Did she get chucked out of hospital 24 hours after surgery?
Did her husband have to empty and monitor both of the drains for 2 weeks?
Did her husband have to inject her in her stomach every day?
Did her husband have to change dressings with gangrene and rotting flesh?
Does she struggle with bone pain due to cancer drugs and treatment. Painful scars and reduced mobility? Are her hands inflamed so she has lost her grip? Do her insides feel as though acid had been thrown down them? Has she lost years of her children's lives because she has been busy getting poisoned in order to live?
Yep, you can tell I am pretty upset!
Its not just her diary though its everything relating to cancer.
Brave the Shave for example..... PLEASE do not trivialise hair loss through cancer treatment. If you CHOOSE (important word here being choose) to shave your head, then its your choice. You don't experience the sensations of crawling flesh as each hair follicle dies, and the soreness that comes with it. The nakedness of suddenly being exposed as a cancer patient. Not a choice anymore.
Then there are the parties. I get that people are trying to help raise money and awareness and that's brilliant, its great but excuse me if I don't attend or buy tickets for that function because it doesn't sit right with me at the moment. Having fun in the name of cancer.
You might have guessed that I am in a bad place at the moment emotionally. I think I am still processing all that I have experienced, the disfigurement and the losses I have had forced on me by the disease.

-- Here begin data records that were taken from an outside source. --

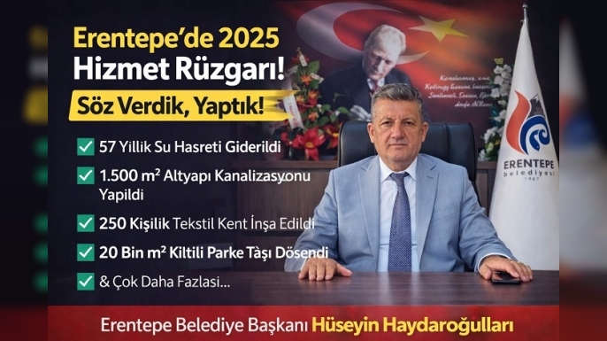 2025 değerlendirmesinde konuşan Başkan Hüseyin Haydaroğulları şu ifadeleri kullandı“Biz bu göreve makam için değil, Erentepe’ye hizmet için geldik. 2025 yılı boyunca altyapıdan sosyal projelere, istihdamdan çevre düzenlemesine kadar beldemizin her köşesine dokunan işler yaptık. Bundan sonra da daha güçlü bir Erentepe için gece gündüz çalışmaya devam edeceğiz.” Dedi.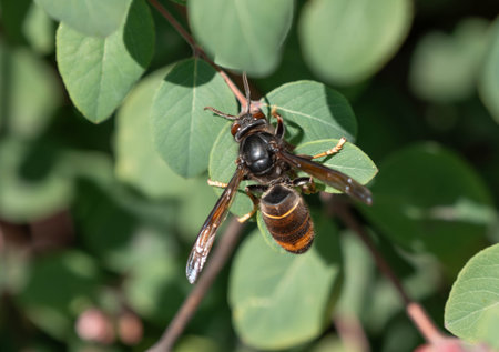 bald-faced hornet with latin name Vespa crabro gathers nectar from a flowering shrub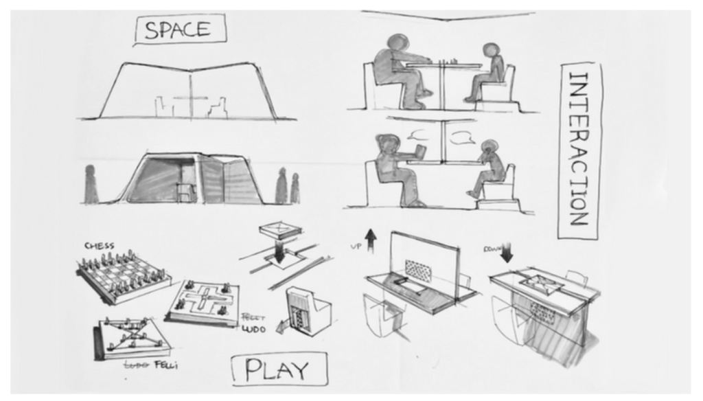 The final concept is a public bench featuring a movable divider that allows users to choose between anonymity and visibility. This design encourages interaction and openness between strangers from different generations.
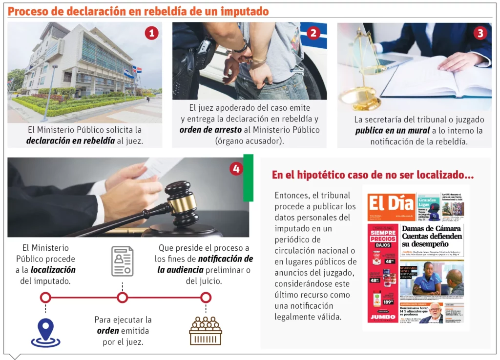 A través del Departamento de Captura de Prófugos, Rebeldes y Condenados, cuando se recibe la resolución emitida de un tribunal, donde se declara la rebeldía del imputado y orden de arresto, esta se tramita y se remite a la Policía Nacional para que se ejecute. Al ser arrestado el imputado, se presenta ante el juez para que se continúe el proceso que se le sigue a ese encartado.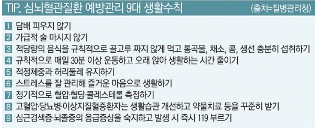 심뇌혈관질환 예방관리 9대 생활수칙 본문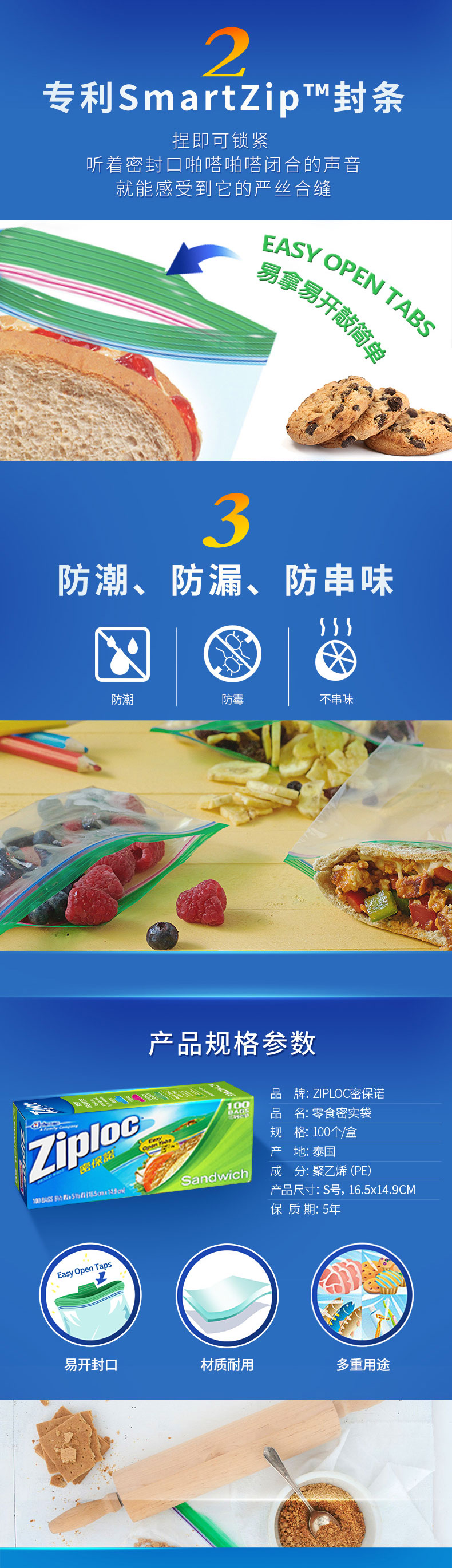 这款Ziploc 密保诺 食品密封袋,很多美食节目中都有出现,采用聚乙烯PE材质,能够与食物直接接触,不含BPA、塑化剂,同时通过美国FDA相关标准,使用安全放心。双层密封设计,更加保险不串味,加宽易开口,方便开合。产品尺寸: S号,16.5*14.9CM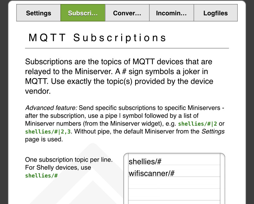 Das ist schon mal nicht gut, aber zu der Konfiguration in Loxone brauchen wir noch gar nicht zu gehen wenn bei den Subscriptions nichts ankommt...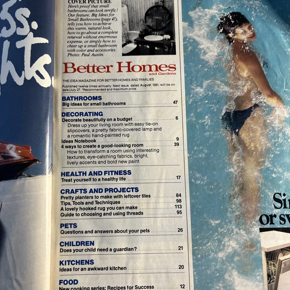 Get a taste of nostalgia with this vintage July 1981 edition of Better Homes & Gardens Magazine. Packed with tips on retro decorating, cooking, travel around Australia, knitting, macrame, crafts, and growing vegetables, this magazine is a treasure trove of inspiration for home and garden enthusiasts. Written in English and published monthly in Australia, it's a must-have for anyone interested in home decor, hobbies, lifestyle, and delicious food and drink ideas. +36 ways to keep out the cold. Simply decorating plans for living rooms and making a lovely hooked rug and bright ideas for small bathrooms. Lawns and eight page booklet Thank you for purchasing from A-ZCollective
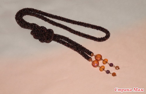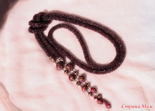 Лариат "Спокойный вечер" сложного цвета, с вкраплениями бисера гранатового цвета.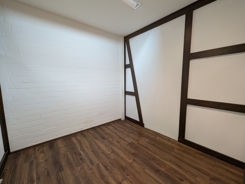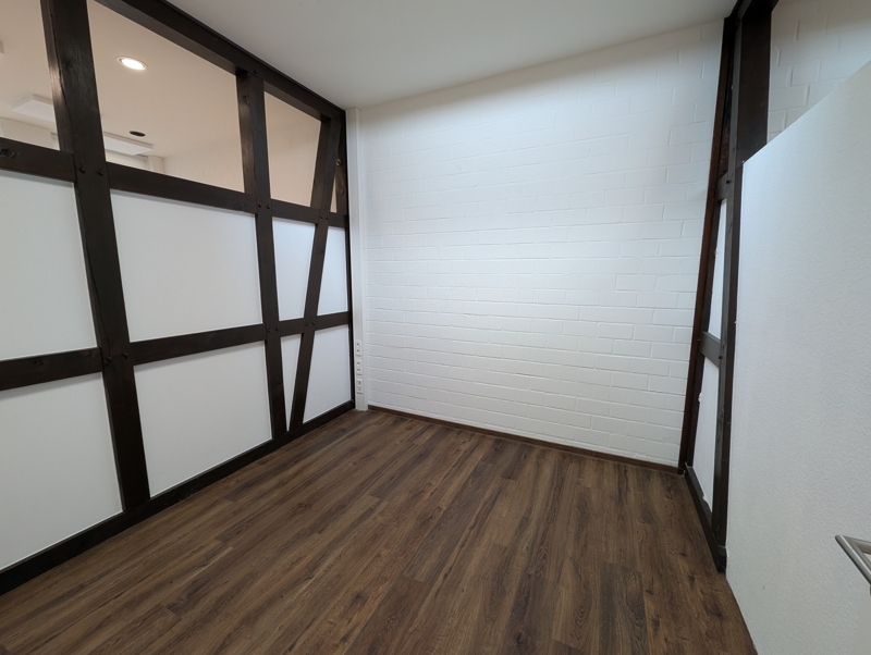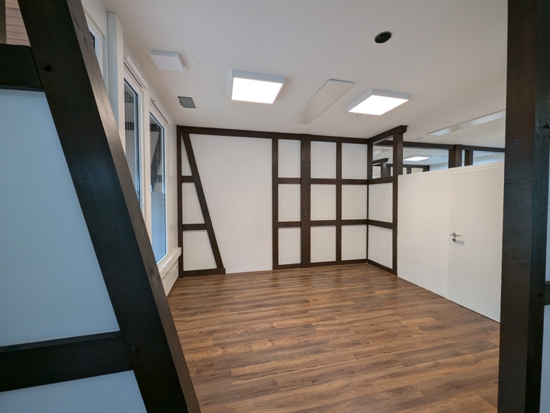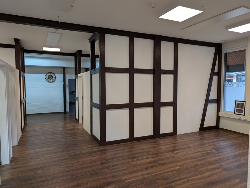 Momentan ist die Gewerbefläche im Inneren durch Leichtbauwände und aufgefülltes Fachwerk in mehrere Büros unterteilt. Dies kann bei Bedarf jedoch rückgängig gemacht werden.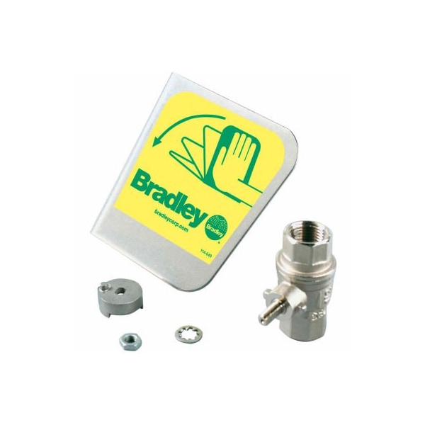 Bradley s30-070 1/2" ball valve/handle prepack, stainless steel handle kit replacement 1/2" ball valve and handle includes stainless steel handle with hardware and 1/2" npt stay open ball valve for use with bradley safety showers and eyewash units.

I think its great that people are talking about the disease but lets be careful not to trivialise it or to get drawn in to media driven publicity
Monday, 12 October 2015
I didn't have a great weekend. I won't go into detail but it left me feeling anxious and sick today.
Then on the news is this reporter who has just had a double mastectomy due to breast cancer and she's there in her hospital bed all bright and cheery saying she's not fighting cancer she's just being treated for it.
I burst into tears.
Lucky bloody you I thought to myself.
She obviously hadn't been chucked out of hospital the next day after the procedure with no after care. She obviously hasn't got a clue what it's like to live with the disease.
This week an amazing man Mike Peters is starting his 3rd fight with cancer and this woman's attitude really upset me.
I know people deal with things in different ways but not everyone gets 5 star hospital treatment. She made me feel even more like a failure.